= False positive rate =

Chance of wrongly rejecting the null hypothesis

In statistics, when performing multiple comparisons, a false positive ratio (also known as fall-out or false alarm rate ) is the probability of falsely rejecting the null hypothesis for a particular test. The false positive rate is calculated as the ratio between the number of negative events wrongly categorized as positive (false positives) and the total number of actual negative events (regardless of classification).

The false positive rate (or "false alarm rate") usually refers to the expectancy of the false positive ratio.

== Definition ==
The false positive rate (false alarm rate) is $\boldsymbol{\mathrm{FPR}} =\frac{\mathrm{FP}}{\mathrm{FP} + \mathrm{TN}}$

where $\mathrm{FP}$ is the number of false positives, $\mathrm{TN}$ is the number of true negatives and $N=\mathrm{FP}+\mathrm{TN}$ is the total number of ground truth negatives.

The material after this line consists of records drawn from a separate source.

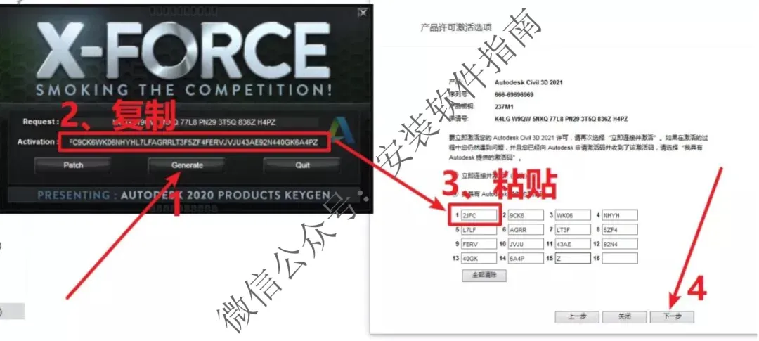25.点【Generate】生成激活码;复制【Activation】后面框中的激活码;将激活码粘贴到图上3下方的红框中,然后点下一步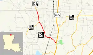 ![]() Route of LA 142 highlighted in red | ||||
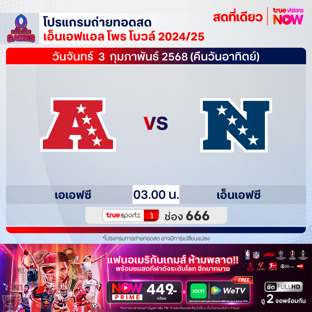 AFC Vs NFC เวลา 03.00 ทางช่อง TS 1 (666)

The significance level used to test each hypothesis is set based on the form of inference (simultaneous inference vs. selective inference) and its supporting criteria (for example FWER or FDR), that were pre-determined by the researcher.

When performing multiple comparisons in a statistical framework such as above, the false positive ratio (also known as the false alarm rate, as opposed false alarm ratio - FAR ) usually refers to the probability of falsely rejecting the null hypothesis for a particular test. Using the terminology suggested here, it is simply $V/m_0$.

Since V is a random variable and $m_0$ is a constant ($V \leq m_0$), the false positive ratio is also a random variable, ranging between 0–1.
The false positive rate (or "false alarm rate") usually refers to the expectancy of the false positive ratio, expressed by $E(V/m_0)$.

It is worth noticing that the two definitions ("false positive ratio" / "false positive rate") are somewhat interchangeable. For example, in the referenced article $V/m_0$ serves as the false positive "rate" rather than as its "ratio".

=== Classification of multiple hypothesis tests ===

|  | Null hypothesis is true (H_{0}) | Alternative hypothesis is true (H_{A}) | Total |
| Test is declared significant | V | S | R |
| Test is declared non-significant | U | T | $m - R$ |
| Total | $m_0$ | $m - m_0$ | m |

== Comparison with other error rates ==

While the false positive rate is mathematically equal to the type I error rate, it is viewed as a separate term for the following reasons:
- The type I error rate is often associated with the a-priori setting of the significance level by the researcher: the significance level represents an acceptable error rate considering that all null hypotheses are true (the "global null" hypothesis). The choice of a significance level may thus be somewhat arbitrary (i.e. setting 10% (0.1), 5% (0.05), 1% (0.01) etc.)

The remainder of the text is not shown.